Take the entries below and reproduce exactly the portion that begins at the line containing "Sultana raisins*, sunflower" and ends at the line containing "巴拉巴拉童装宝宝长裤儿童加绒保暖裤2026新款冬春男童女造型萌趣", keeping both ends, dropping pictures, and adding nothing else.

_ _ _

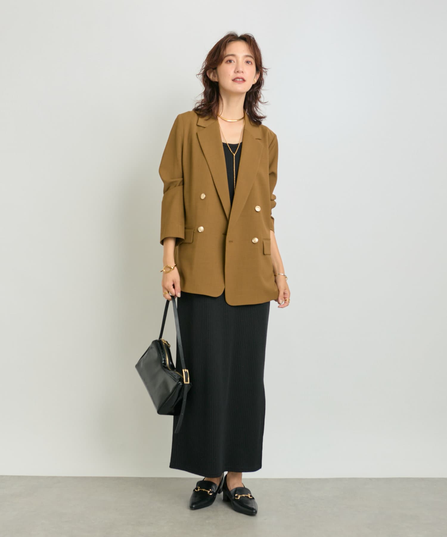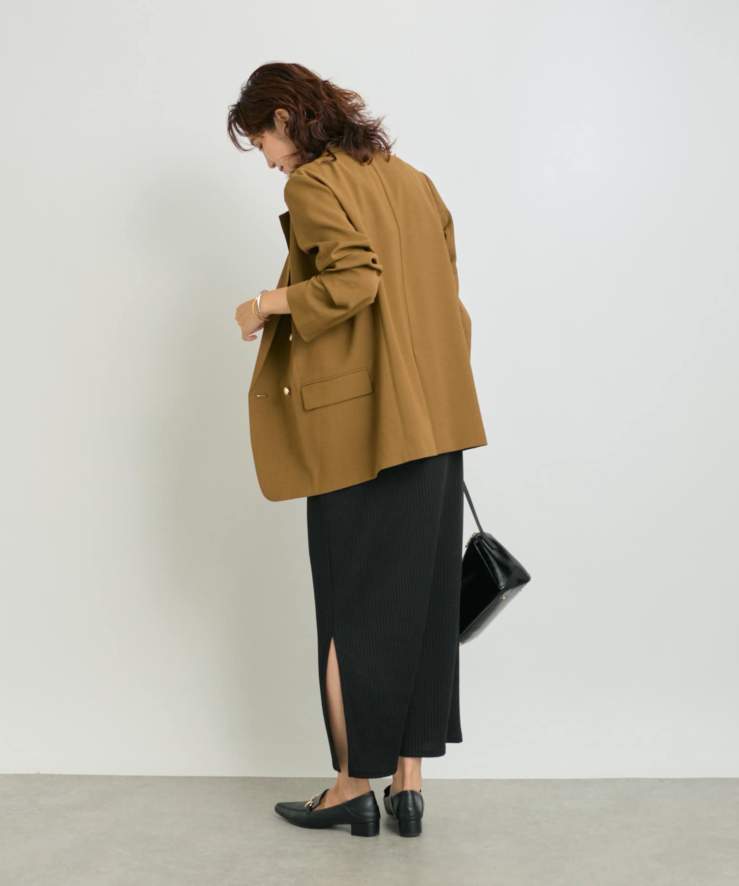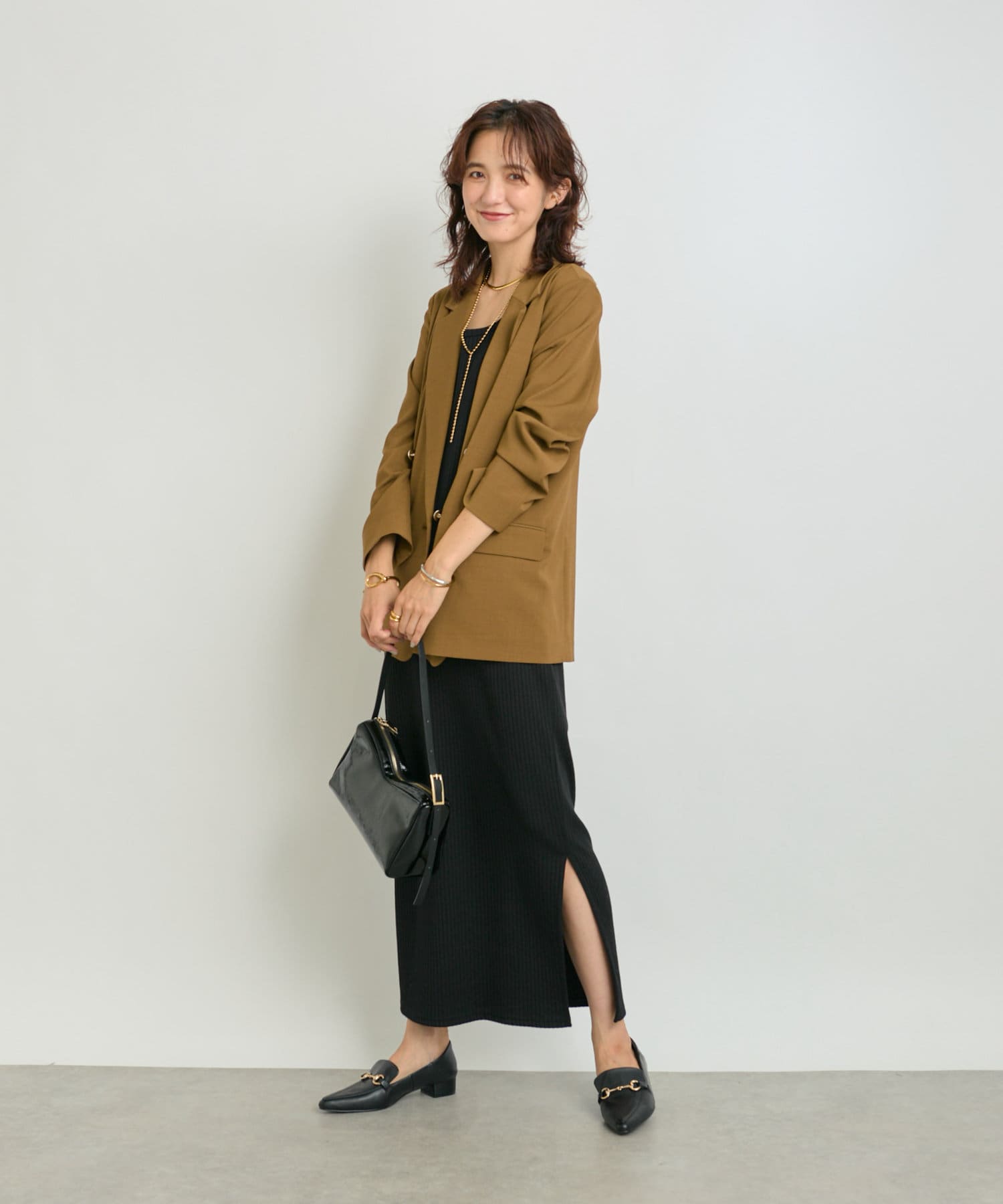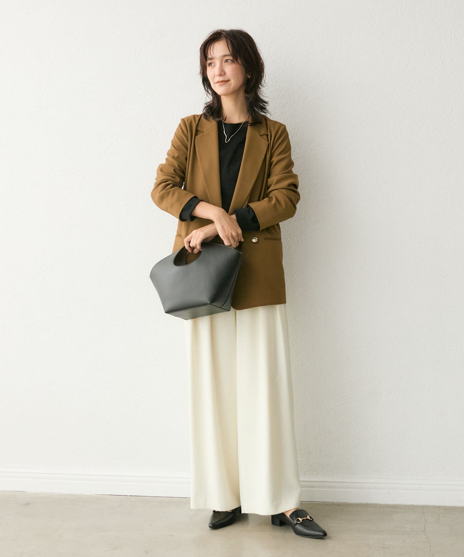 肌寒い時季には、薄手のニット等を合わせてコンパクトにまとめていただくとバランスよくまとまります。
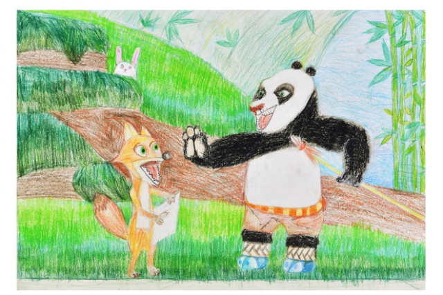 The fox quickly ran through the forest. He took advantage of the tiger’s authority to order all the animals around and make them heed his warning, "If you don't come, there will be consequences." Afraid of the tiger's ferocity, the animals were forced to obey the order. After searching very hard for the panda, the fox finally found him in the bamboo forest, and announced the tiger’s order to him. The panda’s response was simple and crisp, "I’m not going."
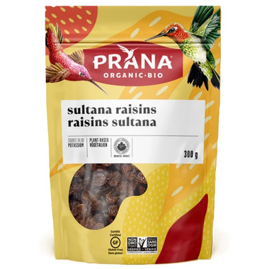 Sultana raisins*, sunflower oil*.*Organic. May contain nuts, soy and sesame ingredients
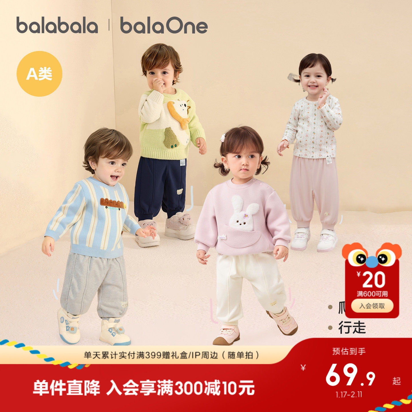巴拉巴拉童装宝宝长裤儿童加绒保暖裤2026新款冬春男童女造型萌趣
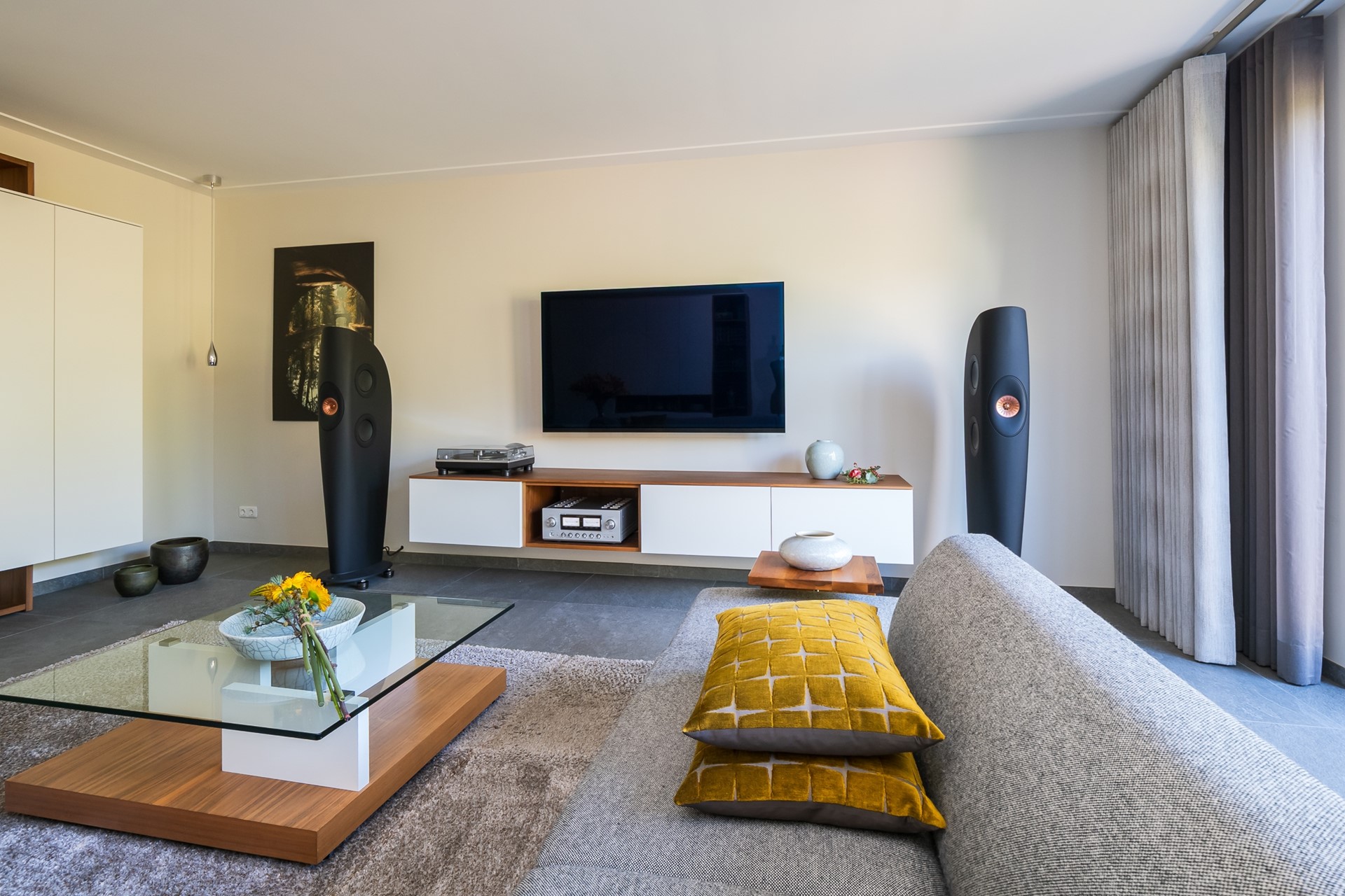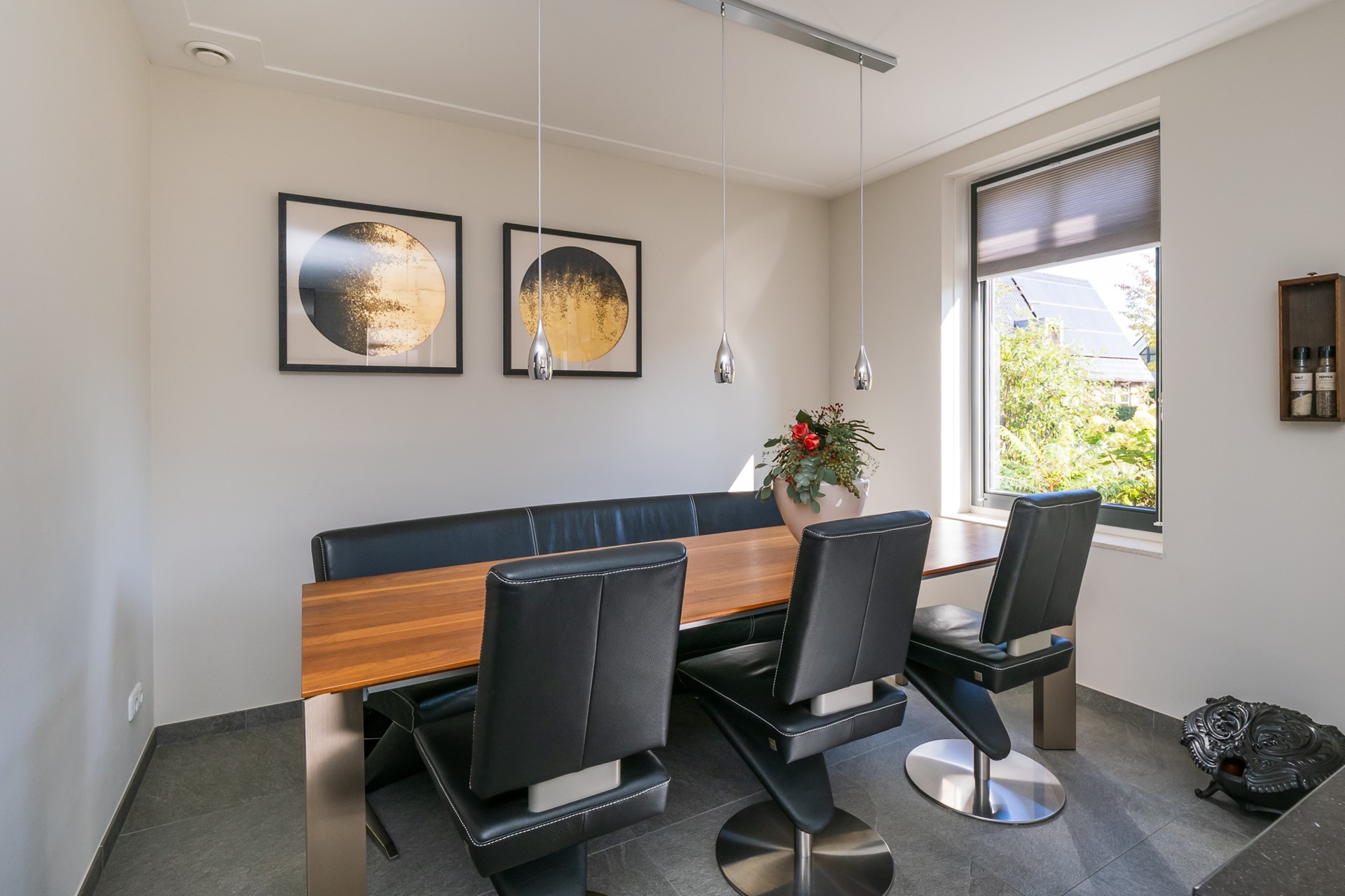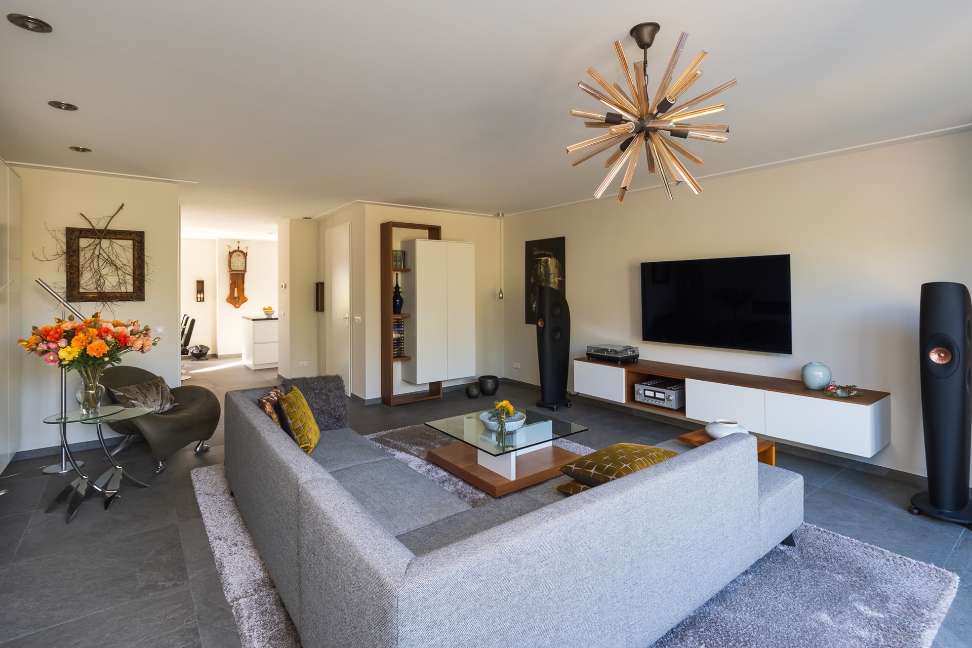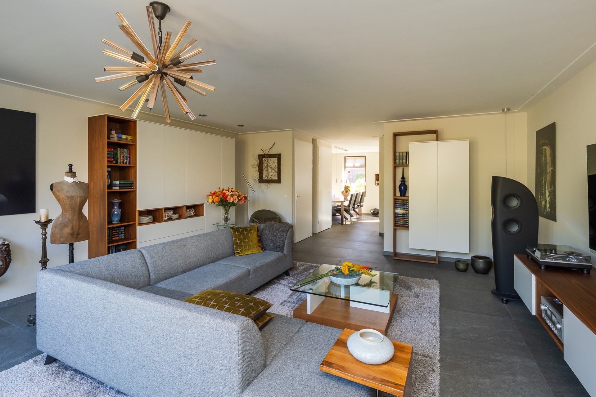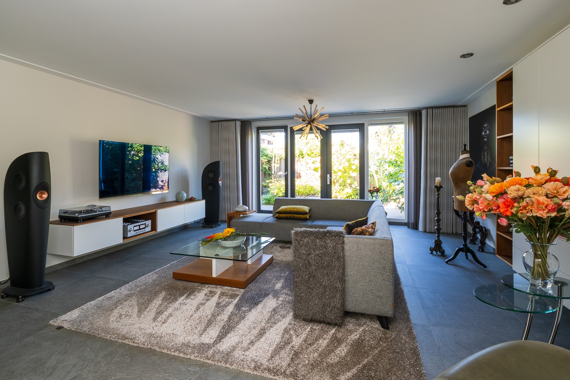 De imposante living is door de uitbouw nog royaler geworden en nodigt uit tot gezellig samenzijn. De brede glaspui met openslaande deuren zorgt voor een dynamische verbinding met de loungetuin. Overdag valt het licht royaal binnen en ’s avonds voorziet het speelse lichtplan in de juiste sfeer. De dubbele wavegordijnen, deels inbetween en deels verduisterend, zijn stijlvol en praktisch - deze zijn ter overname.

_ _ _

Result below:
 Sultana raisins*, sunflower oil*.*Organic. May contain nuts, soy and sesame ingredients
巴拉巴拉童装宝宝长裤儿童加绒保暖裤2026新款冬春男童女造型萌趣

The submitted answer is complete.